━━━━━ Exercise data

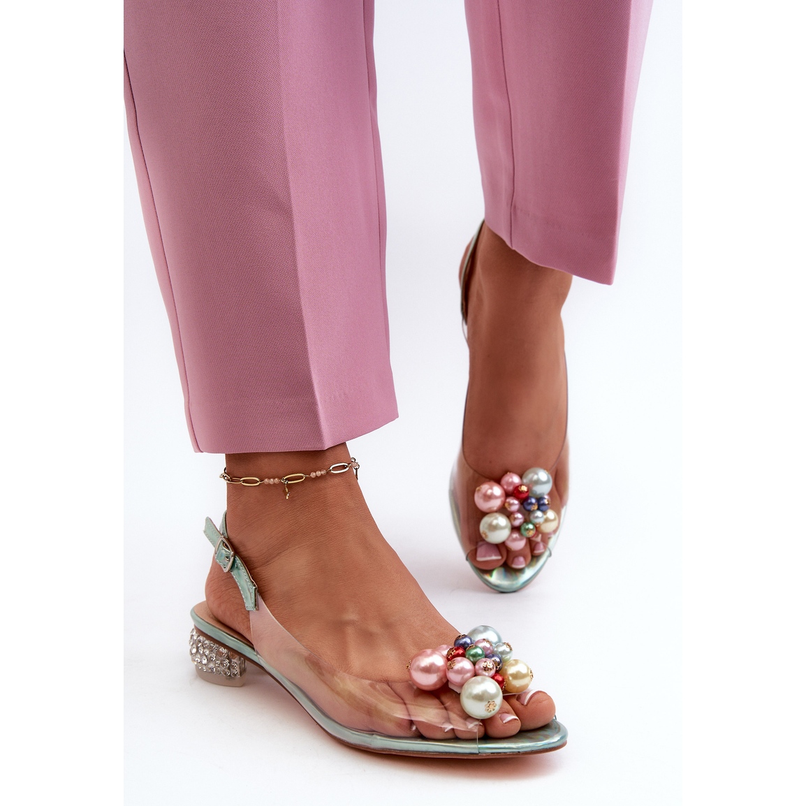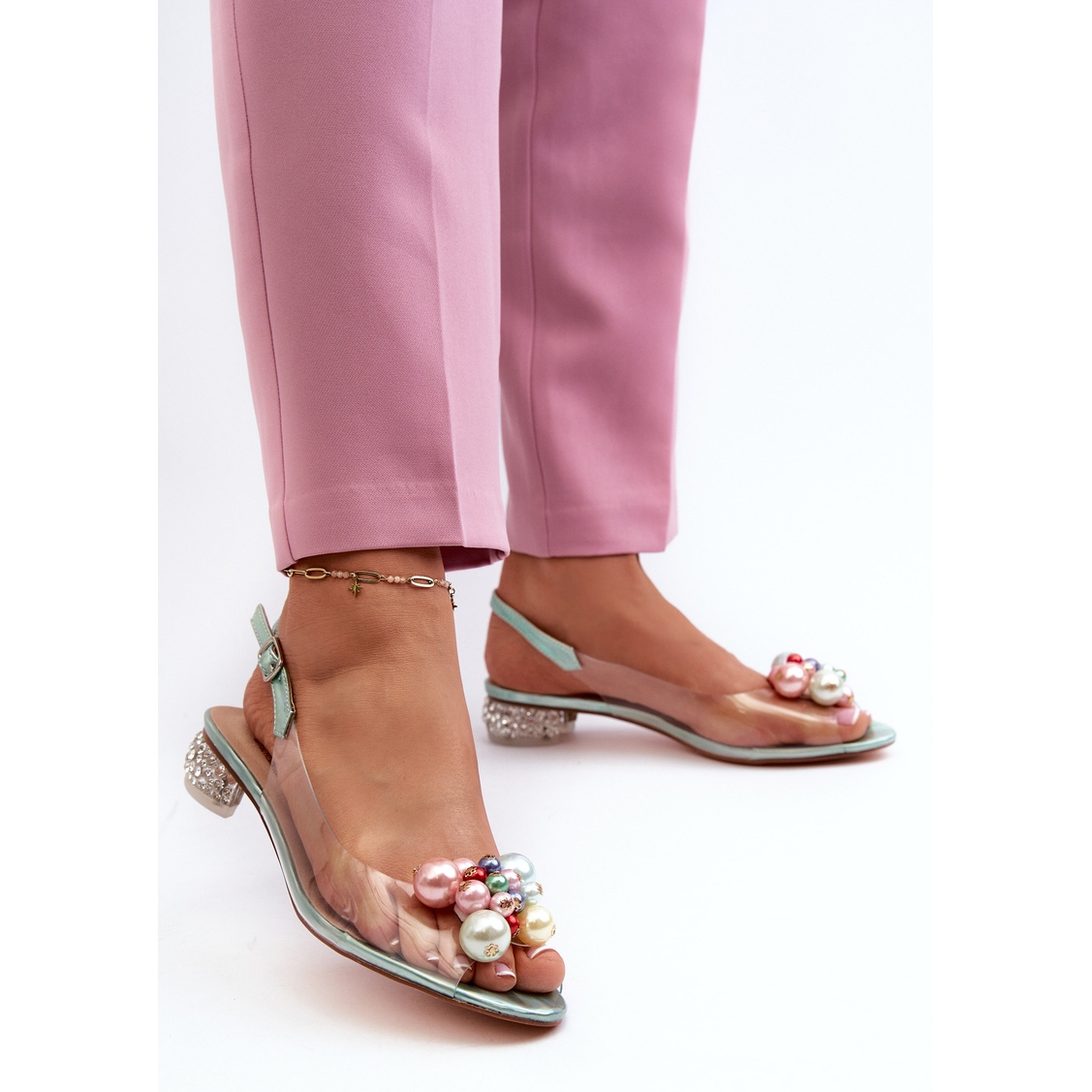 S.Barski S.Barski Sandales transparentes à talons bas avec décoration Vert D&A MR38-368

━━━━━━━━━━
━━━━━ Exercise data

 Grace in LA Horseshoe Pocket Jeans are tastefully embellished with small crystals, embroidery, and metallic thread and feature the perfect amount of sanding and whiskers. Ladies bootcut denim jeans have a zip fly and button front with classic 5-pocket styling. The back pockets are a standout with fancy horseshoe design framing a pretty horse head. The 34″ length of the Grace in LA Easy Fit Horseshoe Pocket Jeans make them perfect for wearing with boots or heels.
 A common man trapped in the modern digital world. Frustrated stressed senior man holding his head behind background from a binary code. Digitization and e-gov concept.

━━━━━━━━━━
━━━━━ Exercise data

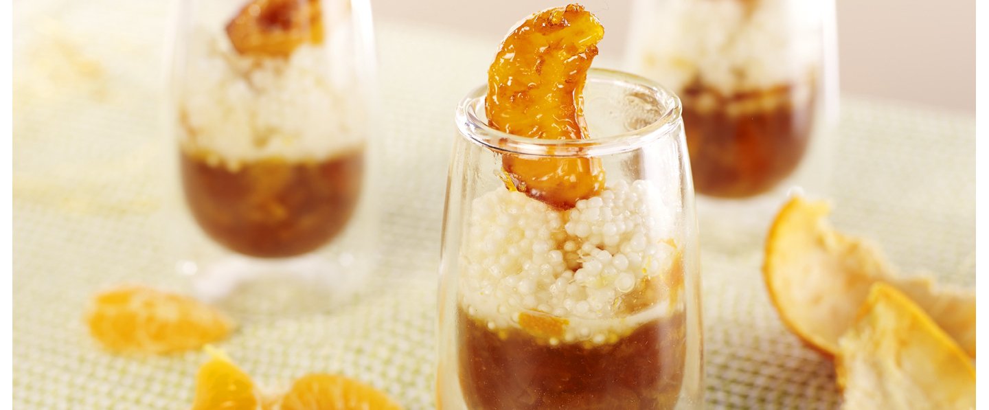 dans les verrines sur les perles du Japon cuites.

━━━━━━━━━━

Going back over the entries above, copy word for word every line from the one that has "Grace in LA Horseshoe" on through the one that has "A common man".

 Grace in LA Horseshoe Pocket Jeans are tastefully embellished with small crystals, embroidery, and metallic thread and feature the perfect amount of sanding and whiskers. Ladies bootcut denim jeans have a zip fly and button front with classic 5-pocket styling. The back pockets are a standout with fancy horseshoe design framing a pretty horse head. The 34″ length of the Grace in LA Easy Fit Horseshoe Pocket Jeans make them perfect for wearing with boots or heels.
 A common man trapped in the modern digital world. Frustrated stressed senior man holding his head behind background from a binary code. Digitization and e-gov concept.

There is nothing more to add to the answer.